Honorific-Prefix: | His Excellency |
Native Name Lang: | ar |
Office1: | President of Lebanon |
Term Start1: | 1 September 1926 |
Term End1: | 2 January 1934 |
Successor1: | Antoine Privat-Aubouard (acting) |
Office: | Speaker of the Parliament of Lebanon |
Term Start: | 30 January 1934 |
Term End: | 31 October 1934 |
Successor: | Petro Trad |
Birth Date: | 16 April 1884 |
Birth Place: | Beirut, Ottoman Empire |
Death Place: | Paris, France |
Resting Place: | Beirut, Lebanon |
Charles Debbas (Arabic: شارل دباس|translit=Shārl Dabbās; 16 April 1884 – 22 August 1935) was a Greek Orthodox Lebanese political figure. He was the first President of Lebanon (before independence) and served from 1 September 1926 to 2 January 1934, under the French Mandate of Lebanon (known as Greater Lebanon). He also served as the Speaker of the Parliament of Lebanon from January to October 1934.
Charles Debbas was born in Beirut to a prominent Greek Orthodox Beiruti family of Damascene origin. He was the son of Gerges Khalil Debbas (1845–1912) and Marie Salim Jbeili. His grandfather Khalil Debbas (1823–1885)'s brother was J. Abdo Debbas, who served as American vice-consul in Tarsus.
He was a pupil at the Collège des Jésuites. Having obtained his baccalaureate at fourteen and a half years old, he went to study law in Montpellier then in Paris. While he was a student, he met Marcelle Burgart (1892–1960), a nurse taking lessons at the Comédie française. The couple began to live in Beirut, Debbas working there as an attorney.
While in Beirut, Debbas started to get involved in nationalist circles which had become increasingly active in Ottoman Syria since the Young Turk Revolution. He began to write articles in the Beirut-based French-language newspaper La Liberté ('Freedom') which had been founded in 1908 by Butrus Mansur Tayyan. One of his articles, "Le langage de l'ancien régime reviendrait-il en honneur ?" ('Could the old [i.e. Hamidian] regime's language be returning to honour?'), published 3 June 1909, was deemed subversive by the wali of Beirut, Edhem Bey, who warned him of further consequences should he continue to defend the ideas contained in it.[1] Debbas responded in the press that he stood by what he had written and that the wali should submit the matter to court if he thought his article had infringed the law.[1] Debbas returned to Paris in 1913 as secretary of the Arab Congress. He became a member of the Central Syrian Committee during World War I. Debbas had returned to Paris on 5 October 1919,[2] and got married with Burgart on 24 October in Neuilly-sur-Seine.
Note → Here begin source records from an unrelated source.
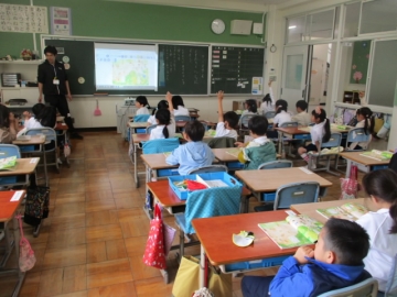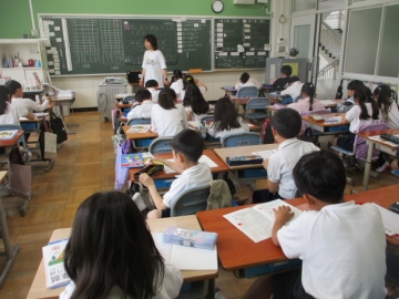 今日は雨が降ったりやんだりのはっきりしない天気ですが、20分休みは運動場で元気に遊ぶことができました。また休み時間が終わったらチャイムの合図で、さっと教室に入って授業の準備ができていました。
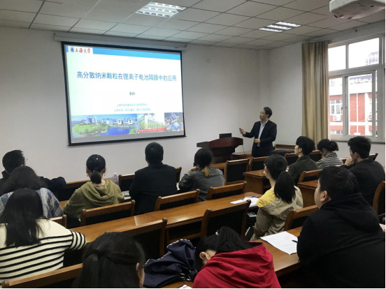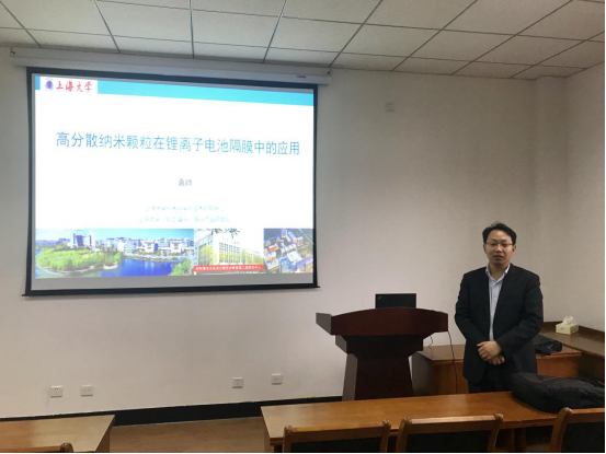 11月12日下午,在梁林校区1号楼506学术报告厅,上海大学嘉兴先进产业研究院常务副院长袁帅教授来博彩app 作题为《高分散纳米颗粒在锂离子电池隔膜中的应用》的学术报告。
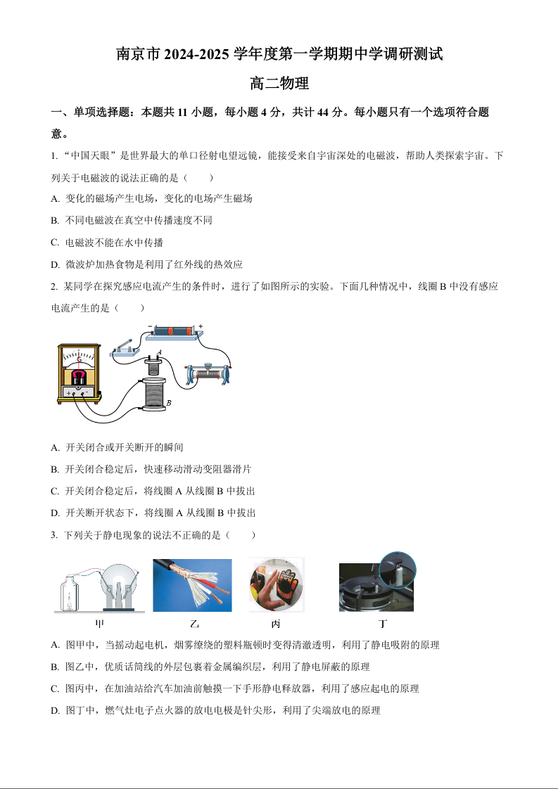 江苏省南京市2024-2025学年度第一学期期中学情调研测试物理
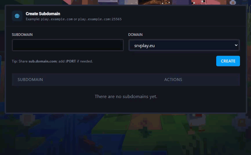 Creating a custom subdomain IP address is a great method for players to remember the IP address of your server and log in using it. QGS Hosting also provides custom domain options at affordable prices on a yearly basis - you can check them out HERE. Our control panel makes this process extremely easy to proceed, you need to follow these steps:
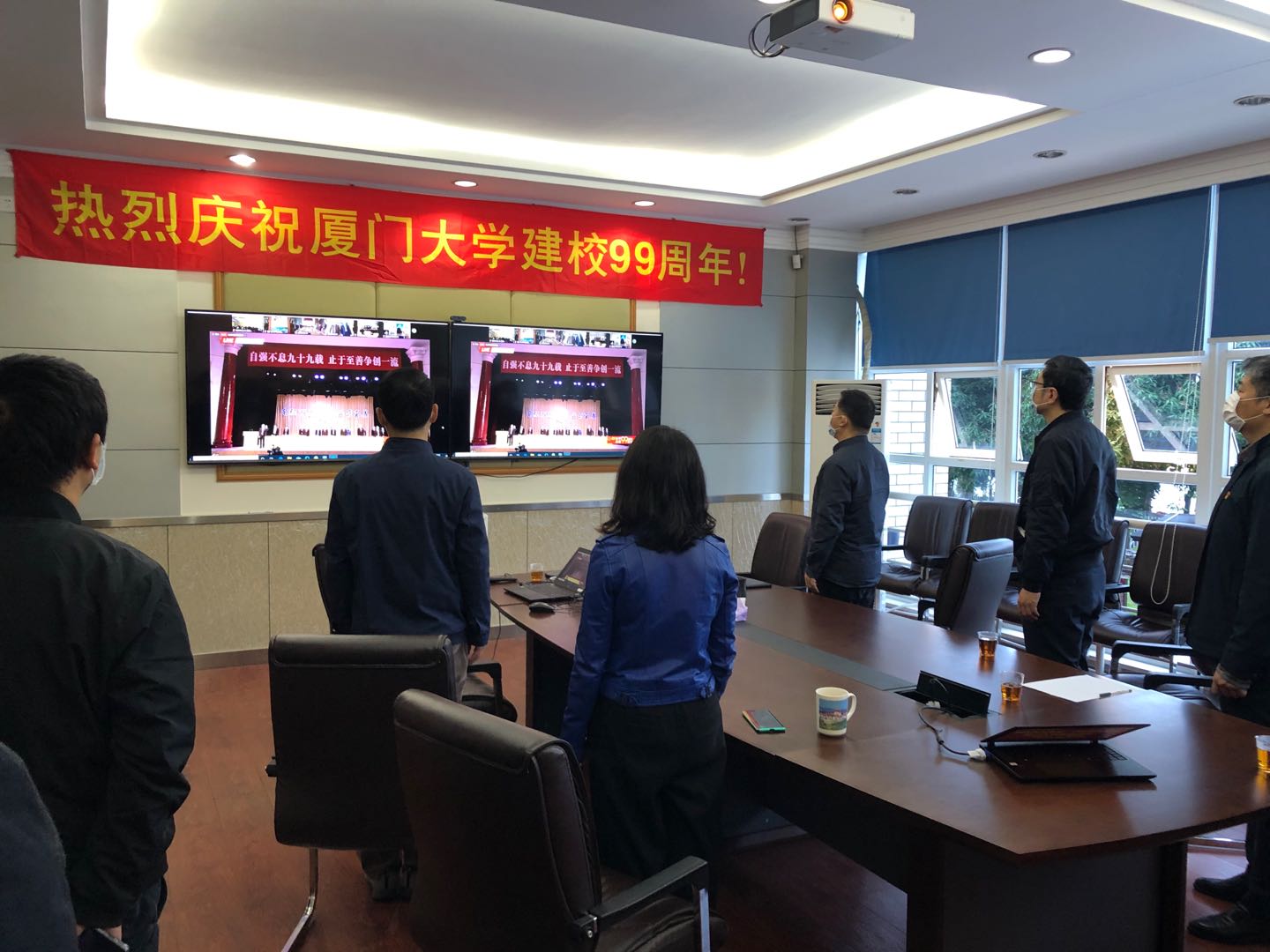 2020年4月6日上午,厦门大学建校99周年庆祝大会在建南大会堂隆重举行,校党委书记张彦、校长张荣等校领导,原校长、厦门大学校友总会理事长朱崇实等校级老领导,校党委常委、校长助理在建南大会堂主会场出席庆祝大会。校党委副书记、副校长李建发主持大会。此次大会通过网络直播的方式,并在全球校友会、校内各单位设400个网络分会场,邀请各地校友、学子、各界人士在云端相聚,共同为厦大庆生,在线收看直播人数突破100万人次。建筑与土木工程学院作为分会场,线上线下共计组织900余师生共同观看直播。

On 20 October 1920, Debbas was appointed Director of Judicial Services of Greater Lebanon by Robert de Caix, the Secretary General of the High Commissioner.
On 26 May 1926, three days after the adoption of the Lebanese constitution, Debbas was elected President of Lebanon by both Chambers of the Parliament reunited in a Congress, for a three-year term. Quoting Dib, "to provide balance with the Maronite leadership, between 1926 and 1930, Debbas allowed Bechara al-Khouri and his nemesis Emile Éddé to take turns to act as prime ministers. Eventually, al-Khouri emerged as the stronger leader as he was backed by the Chihas and their millionaire cousins the Faraoun family."
Debbas was re-elected president on 23 March 1929[3] by the Chamber of Deputies (which had become the sole organ of the legislative power per the constitutional amendment of 17 October 1927), by 42 votes out of 44, for another three years.
On 9 May 1932, High Commissioner Henri Ponsot suspended Lebanon's constitution and extended Debbas' second term by one year in reaction to the budget crisis and the possibility that a Muslim, Muhammad al-Jisr, might win the presidential election. On 2 January 1934, Debbas delivered a letter of resignation from his presidential functions;[4] he was replaced by Habib Pacha Saad. Debbas became President of the Chamber of Deputies (Speaker) a few days later, and remained in that position until October;[5] he was replaced by Petro Trad.
Debbas sailed to France in April 1935 in order to stay there for six months[6] but died on 22 August of that year, in the 16th arrondissement of Paris, 6 rue Piccini. A funeral service was held for him at the Greek Orthodox Church of Saint Stephen[7] [8] in the presence of Henri Gouraud,[8] François Pierre-Alype,[8] Taj al-Din al-Hasani[8] and delegates of the French president and of various French ministers.[8] Debbas' body was then taken aboard the Mariette-Pacha to Beirut, arriving there on 30 September.[9] A funeral wake was held and Patriarch Alexander III of Antioch gave Debbas absolution the following day in the Greek Orthodox Cathedral of Saint George.[9] Three speeches were then given at Mar Mitr (Saint Demetrios) cemetery,[9] where Debbas is buried.